((
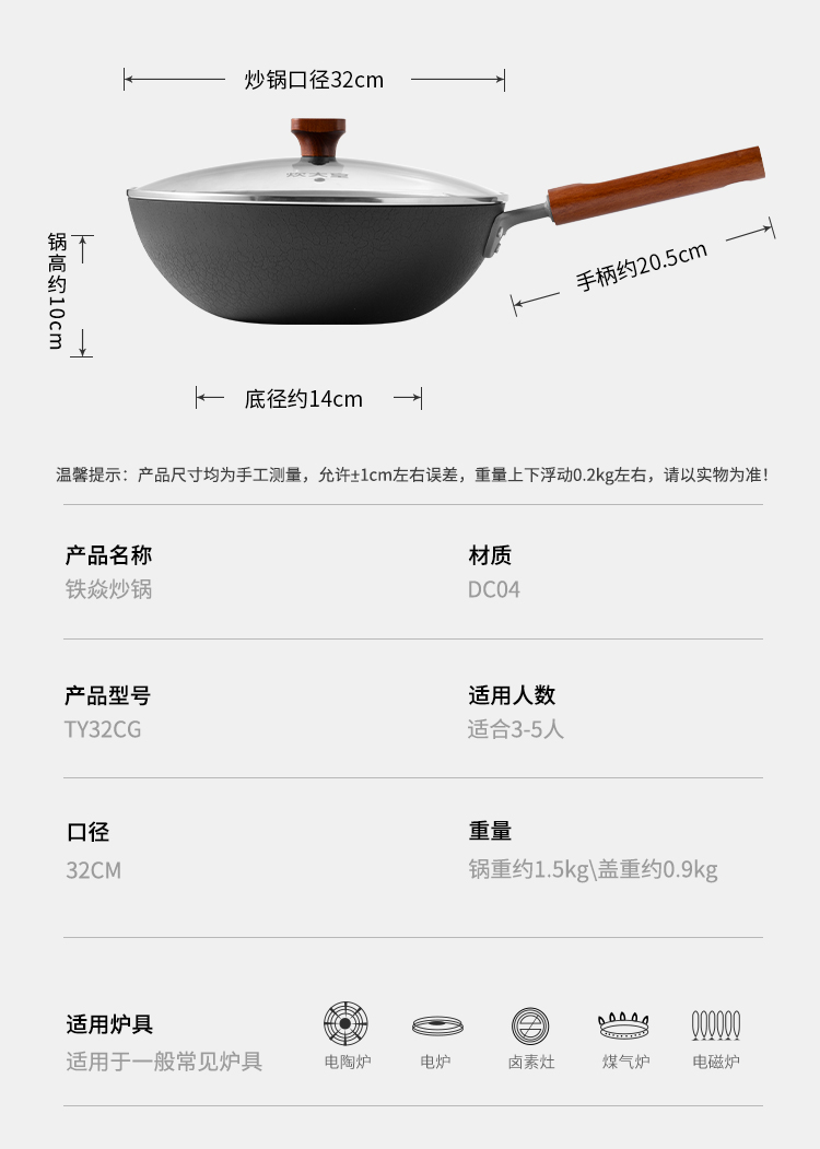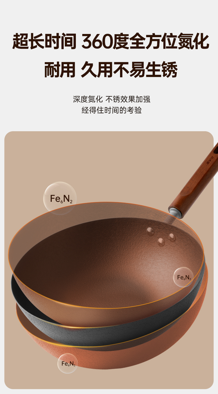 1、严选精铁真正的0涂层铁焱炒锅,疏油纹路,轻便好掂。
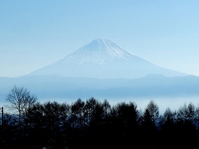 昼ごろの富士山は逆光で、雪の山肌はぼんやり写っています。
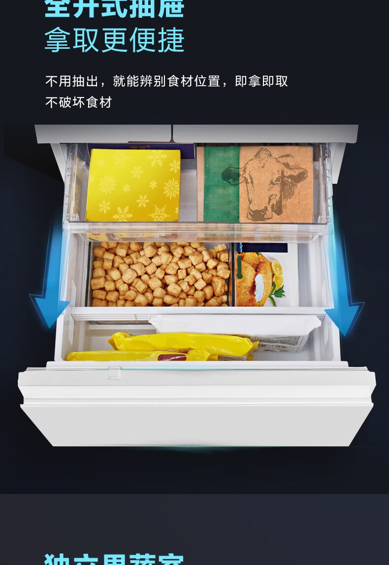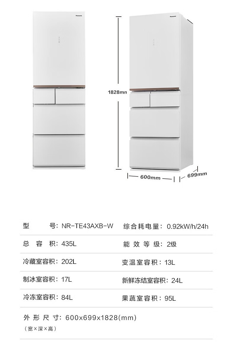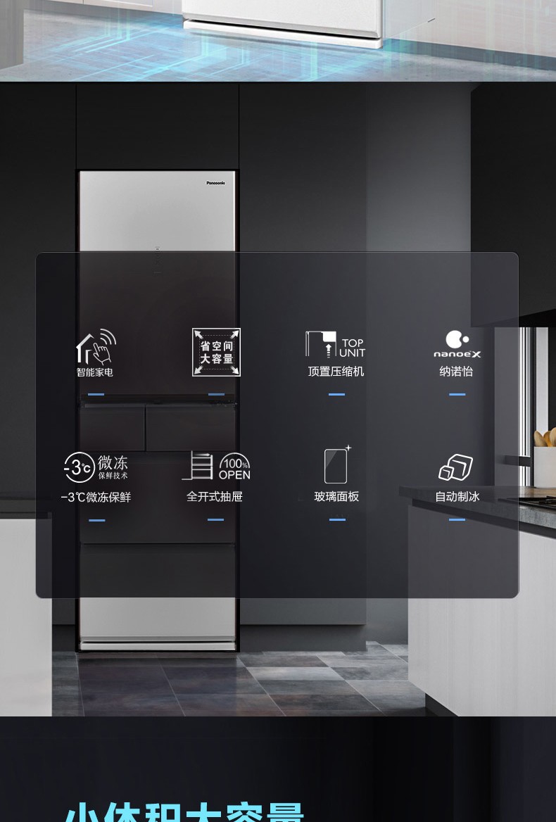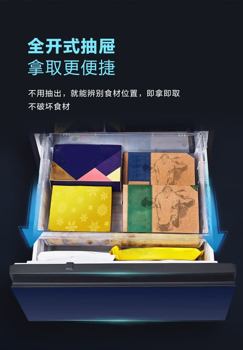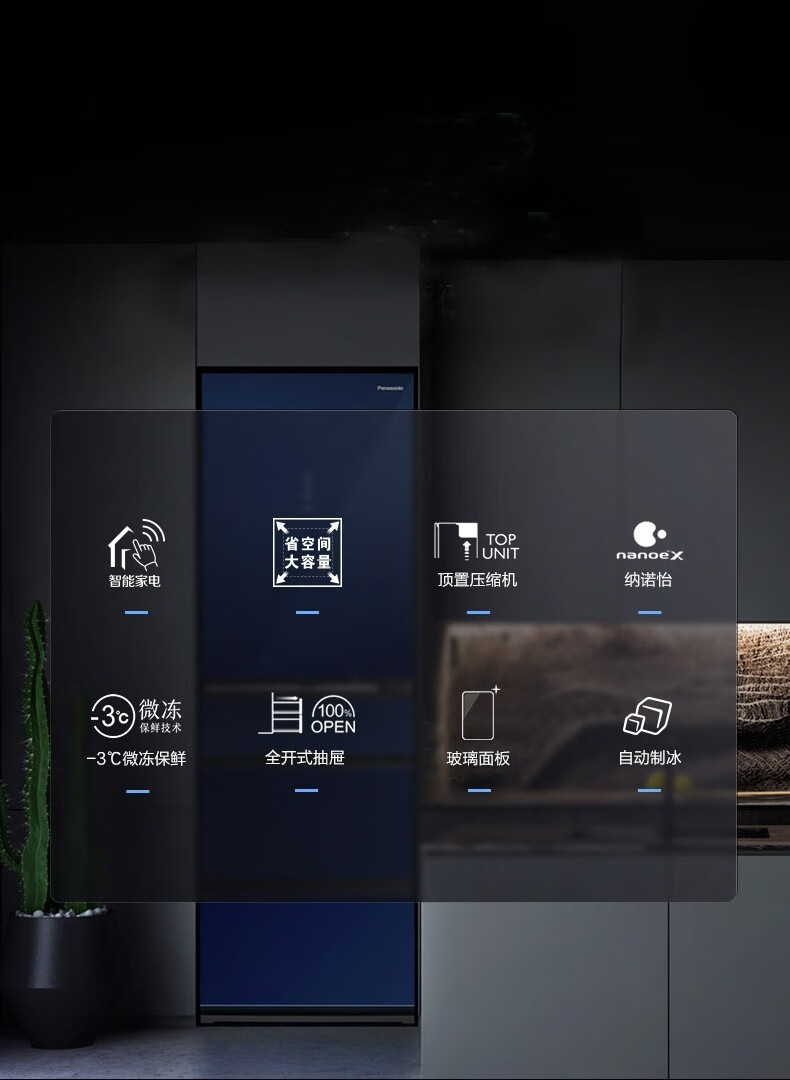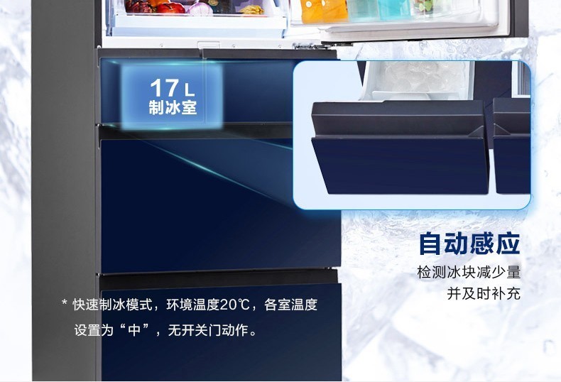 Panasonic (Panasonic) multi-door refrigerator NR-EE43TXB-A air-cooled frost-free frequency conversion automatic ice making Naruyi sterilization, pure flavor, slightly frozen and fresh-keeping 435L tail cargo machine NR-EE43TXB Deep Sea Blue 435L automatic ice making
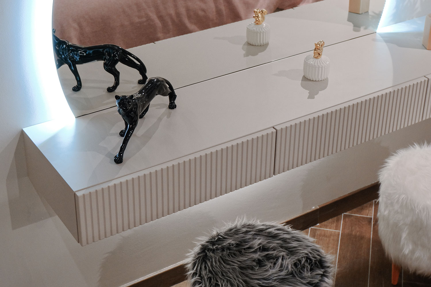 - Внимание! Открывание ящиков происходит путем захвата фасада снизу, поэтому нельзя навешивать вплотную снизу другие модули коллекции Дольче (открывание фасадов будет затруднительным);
))
• WORK TASK: The expected answer is the lines from the one that has "昼ごろの富士山は逆光で、雪の山肌はぼんやり写っています。" to the end of the listing, transcribed exactly, with pictures left out and no other line added.

• ANSWER TO THE EXERCISE:
 昼ごろの富士山は逆光で、雪の山肌はぼんやり写っています。
 Panasonic (Panasonic) multi-door refrigerator NR-EE43TXB-A air-cooled frost-free frequency conversion automatic ice making Naruyi sterilization, pure flavor, slightly frozen and fresh-keeping 435L tail cargo machine NR-EE43TXB Deep Sea Blue 435L automatic ice making
 - Внимание! Открывание ящиков происходит путем захвата фасада снизу, поэтому нельзя навешивать вплотную снизу другие модули коллекции Дольче (открывание фасадов будет затруднительным);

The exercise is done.